If the interview does not work properly, you can view it here.
What’s the best way to respond to a denialist who jumped on the Lovelock walk back as proof that climate change is just a hoax?
Looks like Professor Mann is the victim of a conspiracy so vast it threatens our very way of doing science.
Well, I don’t know if you are being cynical or not, but yes, it does look that way. But actually, the science gets done. But the science policy does not get implemented. That’s the problem.
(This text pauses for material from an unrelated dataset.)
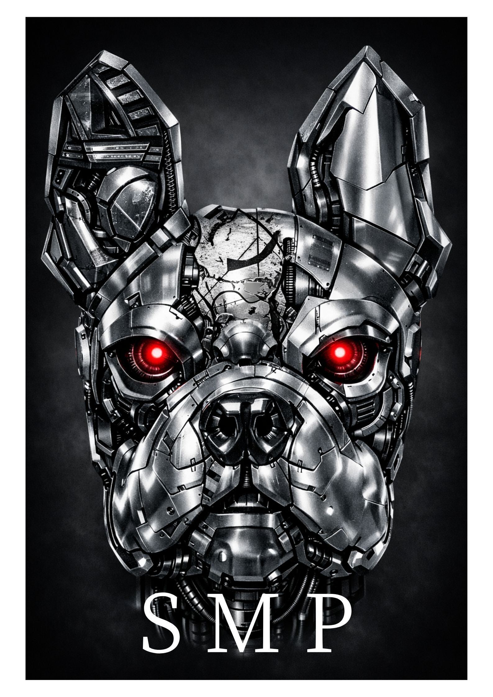 鋼鉄のメカニカル構造で描かれたサイボーグ・フレンチブルドッグ。
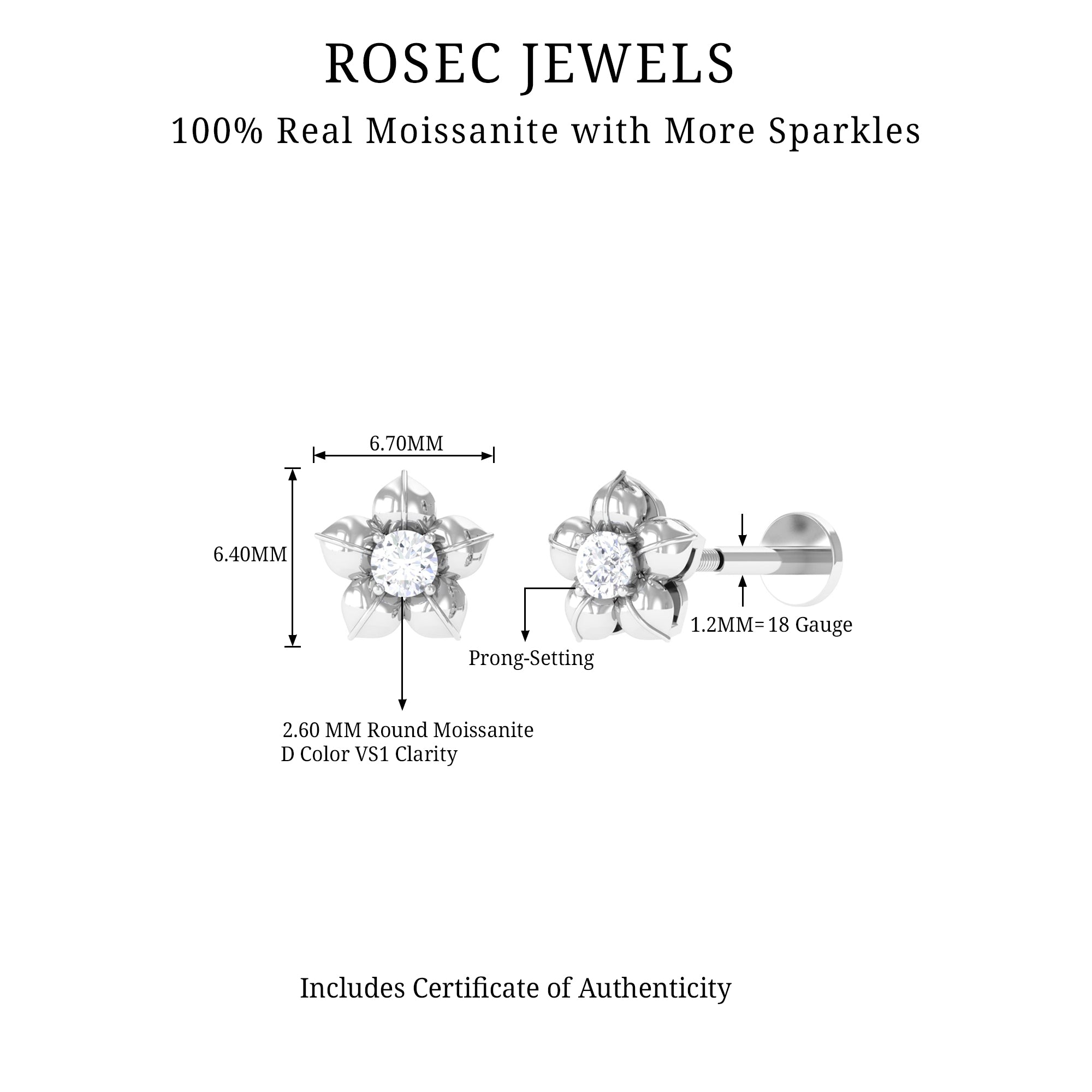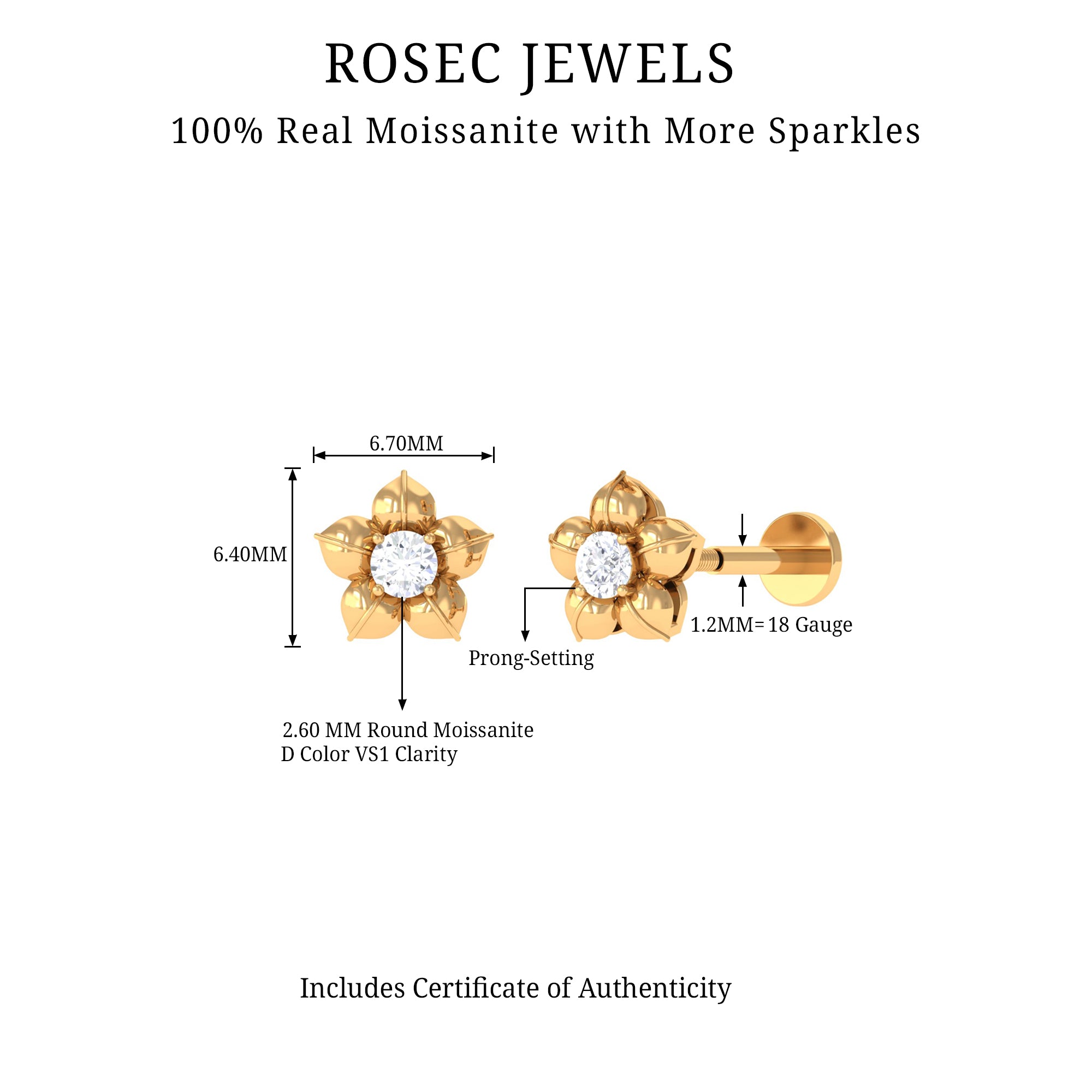 Round Moissanite Gold Flower Earring for Helix Piercing

Could 100 climate scientists reach consensus on what we should do about AGW? Would that consensus be realistic?
–bks
@bks: Who knows. There was the Kyoto Protocol in which the agreed ‘solution’ was known even at the time to be ineffective (planting trees) but people said “what the hell, it does some good even if it does jack to lessen global warming”. Part of the problem is that there’s no One Solution That Will Work. We simply have to put effort into developing alternative energy sources, especially the wind/sun/tidal types and see how we go. I think even “biofuel” should be developed but kept experimental (it competes with good land which is probably better used for crops). A lot of the scientists involved are also rather clueless about the scale of the problems. Even many who routinely write out “TgC/yr” tend to propose impractical things that just wouldn’t work because they don’t know much about the current practices for obtaining fuel/energy and the scales involved. The world today consumes tens of millions of barrels of oil per day (and thousands of tons of coal, and millions of cubic meters of gas) – that’s some monstrous figure which we need to work on. Then of course many businesses will fight every step of the way to maintain the status quo.
Point out that nobody who knew the subject took Lovelock’s original ideas seriously, because they were completely ridiculous. Lovelock is not and has never been a climatologist, and has never really had anything worthwhile to say on the subject. He didn’t know what he was talking about then, and he still doesn’t.
I’m not really sure that this is accurate. The “hockey stick” isn’t really about describing recent climate change, it’s about placing recent climate change in a wider historical context. (For human-scale values of “recent”. I suppose you could say the HS describes “recent climate change” if you were talking in geological terms, but that risks playing into the meme that we only know it’s getting warmer by looking at proxy reconstructions, which isn’t really true. It’s funny really – most of the attacks on the HS have been attacking the wrong bit. We know what the shape of the “blade” should be, because that’s the instrumental record.)
@susan
Show them that Lovelock’s old views were not driven by reality any more than his new ones. Climate change is bad, but lovelock used to believe that mankind would be huddled at the poles dying by the year 2100. That was never a defensible position. His reasons for changing views are also easy to expose as ridiculous. He claims that warming has not followed projections. Just show them the actual graphs of warming v IPCC projections.